Probably safe for bacon, but wrong, and not a good idea to do.

Follow ALL curing recipes exactly, unless you really do know for certain that you DO know better.

Detail:

In "Charcuterie" MR refers to 'Cure No 1' as "pink salt". Cure No 1 is NitrIte, diluted with salt - so that there's 6.25% of NitrIte.
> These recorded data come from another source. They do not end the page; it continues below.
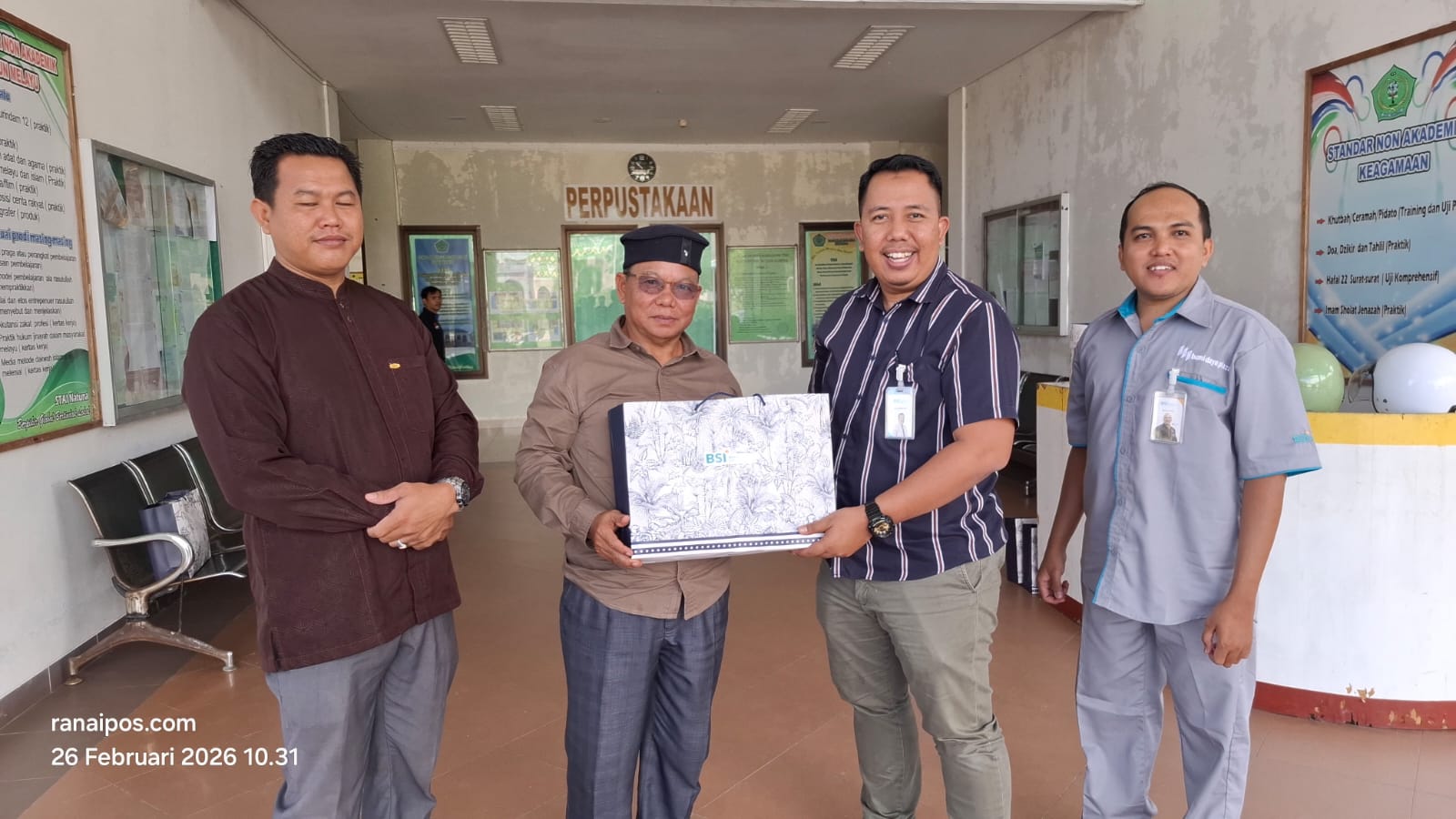 Natuna _ ranaipos.com : Bank Syariah Indonesia(BSI) Cabang Natuna menyalurkan wakaf berupa Al-Qur’an dan seperangkat alat shalat untuk mendukung kegiatan Safari Ramadan mahasiswaSekolah Tinggi Agama Islam Natuna (STAI Natuna), Rabu (26/2/2026) pagi di Ranai.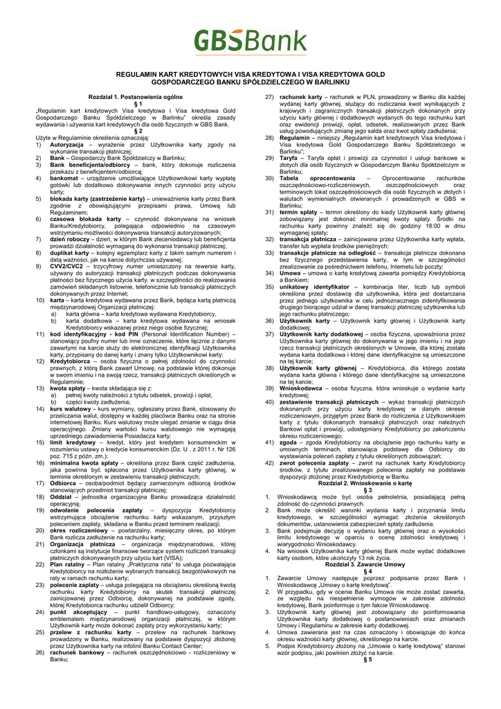 REGULAMIN KART KREDYTOWYCH VISA KREDYTOWA I VISA KREDYTOWA GOLD GOSPODARCZEGO BANKU SPÓŁDZIELCZEGO W BARLINKU Rozdział 1. Postanowienia ogólne §1 „Regulamin kart kredytowych Visa kredytowa i Visa kredytowa Gold Gospodarczego Banku Spółdzielczego w Barlinku” określa zasady wydawania i używania kart kredytowych dla osób fizycznych w GBS Bank. §2 Użyte w Regulaminie określenia oznaczają: 1) Autoryzacja – wyrażenie przez Użytkownika karty zgody na wykonanie transakcji płatniczej; 2) Bank – Gospodarczy Bank Spółdzielczy w Barlinku; 3) Bank beneficjenta/odbiorcy – bank, który dokonuje rozliczenia przekazu z beneficjentem/odbiorcą; 4) bankomat – urządzenie umożliwiające Użytkownikowi karty wypłatę gotówki lub dodatkowo dokonywanie innych czynności przy użyciu karty; 5) blokada karty (zastrzeżenie karty) – unieważnienie karty przez Bank zgodnie z obowiązującymi przepisami prawa, Umową lub Regulaminem; 6) czasowa blokada karty – czynność dokonywana na wniosek Banku/Kredytobiorcy, polegająca odpowiednio na czasowym wstrzymaniu możliwości dokonywania transakcji autoryzowanych; 7) dzień roboczy – dzień, w którym Bank zleceniodawcy lub beneficjenta prowadzi działalność wymaganą do wykonania transakcji płatniczej; 8) duplikat karty – kolejny egzemplarz karty z takim samym numerem i datą ważności, jak na karcie dotychczas używanej; 9) CVV2/CVC2 – trzycyfrowy numer umieszczony na rewersie karty, używany do autoryzacji transakcji płatniczych podczas dokonywania płatności bez fizycznego użycia karty, w szczególności do realizowania zamówień składanych listownie, telefonicznie lub transakcji płatniczych dokonywanych przez Internet; 10) karta – karta kredytowa wydawana przez Bank, będąca kartą płatniczą międzynarodowej Organizacji płatniczej: a) karta główna – karta kredytowa wydawana Kredytobiorcy, b) karta dodatkowa – karta kredytowa wydawana na wniosek Kredytobiorcy wskazanej przez niego osobie fizycznej; 11) kod identyfikacyjny - kod PIN (Personal Identification Number) – stanowiący poufny numer lub inne oznaczenie, które łącznie z danymi zawartymi na karcie służy do elektronicznej identyfikacji Użytkownika karty, przypisany do danej karty i znany tylko Użytkownikowi karty; 12) Kredytobiorca – osoba fizyczna o pełnej zdolności do czynności prawnych, z którą Bank zawarł Umowę, na podstawie której dokonuje w swoim imieniu i na swoją rzecz, transakcji płatniczych określonych w Regulaminie; 13) kwota spłaty – kwota składająca się z: a) pełnej kwoty należności z tytułu odsetek, prowizji i opłat, b) części kwoty zadłużenia; 14) kurs walutowy – kurs wymiany, ogłaszany przez Bank, stosowany do przeliczania walut, dostępny w każdej placówce Banku oraz na stronie internetowej Banku. Kurs walutowy może ulegać zmianie w ciągu dnia operacyjnego. Zmiany wartości kursu walutowego nie wymagają uprzedniego zawiadomienia Posiadacza karty; 15) limit kredytowy – kredyt, który jest kredytem konsumenckim w rozumieniu ustawy o kredycie konsumenckim (Dz. U . z 2011 r. Nr 126 poz. 715 z późn. zm.); 16) minimalna kwota spłaty – określona przez Bank część zadłużenia, jaka powinna być spłacona przez Użytkownika karty głównej, w terminie określonym w zestawieniu transakcji płatniczych; 17) Odbiorca – osoba/podmiot będący zamierzonym odbiorcą środków stanowiących przedmiot transakcji płatniczej; 18) Oddział – jednostka organizacyjna Banku prowadząca działalność operacyjną; 19) odwołanie polecenia zapłaty – dyspozycja Kredytobiorcy wstrzymująca obciążenie rachunku karty wskazanym, przyszłym poleceniem zapłaty, składana w Banku przed terminem realizacji; 20) okres rozliczeniowy – powtarzalny, miesięczny okres, po którym Bank rozlicza zadłużenie na rachunku karty; 21) Organizacja płatnicza – organizacja międzynarodowa, której członkami są instytucje finansowe tworzące system rozliczeń transakcji płatniczych dokonywanych przy użyciu kart (VISA); 22) Plan ratalny – Plan ratalny „Praktyczna rata” to usługa pozwalająca Kredytobiorcy na rozłożenie wybranych transakcji bezgotówkowych na raty w ramach rachunku karty; 23) polecenie zapłaty – usługa polegająca na obciążeniu określoną kwotą rachunku karty Kredytobiorcy na skutek transakcji płatniczej zainicjowanej przez Odbiorcę, dokonywanej na podstawie zgody, której Kredytobiorca rachunku udzielił Odbiorcy; 24) punkt akceptujący – punkt handlowo-usługowy, oznaczony emblematem międzynarodowej organizacji płatniczej, w którym Użytkownik karty może dokonać zapłaty przy wykorzystaniu karty; 25) przelew z rachunku karty – przelew na rachunek bankowy prowadzony w Banku, realizowany na podstawie dyspozycji złożonej przez Użytkownika karty na infolinii Banku Contact Center; 26) rachunek bankowy – rachunek oszczędnościowo - rozliczeniowy w Banku; 27) 28) 29) 30) 31) 32) 33) 34) 35) 36) 37) 38) 39) 40) 41) 42) 1. 2. 3. 4. 1. 2. 3. 4. 5. rachunek karty – rachunek w PLN, prowadzony w Banku dla każdej wydanej karty głównej, służący do rozliczania kwot wynikających z krajowych i zagranicznych transakcji płatniczych dokonanych przy użyciu karty głównej i dodatkowych wydanych do tego rachunku kart oraz ewidencji prowizji, opłat, odsetek, realizowanych przez Bank usług powodujących zmianę jego salda oraz kwot spłaty zadłużenia; Regulamin – niniejszy „Regulamin kart kredytowych Visa kredytowa i Visa kredytowa Gold Gospodarczego Banku Spółdzielczego w Barlinku”; Taryfa – Taryfa opłat i prowizji za czynności i usługi bankowe w złotych dla osób fizycznych w Gospodarczym Banku Spółdzielczym w Barlinku; Tabela oprocentowania – Oprocentowanie rachunków oszczędnościowo-rozliczeniowych, oszczędnościowych oraz terminowych lokat oszczędnościowych dla osób fizycznych w złotych i walutach wymienialnych otwieranych i prowa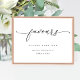 Elegant "Favours" sign with beautiful modern handwritten calligraphy details. 10" x 8" is only our default size, this sign is available in a variety of sizes. Easy to frame or alternatively glue/staple into inexpensive MDF. The same design with the American English spelling "favours" is also available. This design is part of our "Modern Elegant Wedding and Events Signage" collection with a variety of coordinating signs available.

The recipes call for adding more {normal} salt to the "pink salt" to make up the cure - ie to dilute it further.

Morton Tender Quick is a pre-mixed complete cure with 0.5% NitrIte and 0.5% NitrAte and does not need mixing with additional salt or sugar before curing.

Hence using the Morton complete cure in place of the "pink salt" would result in your process using slightly more sugar and less salt than the recipe, much less (like 1/13 th) NitrIte, and adding a little NitrAte (which will be a small part-compensation for the lack of NitrIte).

Discussion:

NitrAte and NitrIte firm up bacon, turn it pink, and make it taste like 'bacon' rather than salt pork.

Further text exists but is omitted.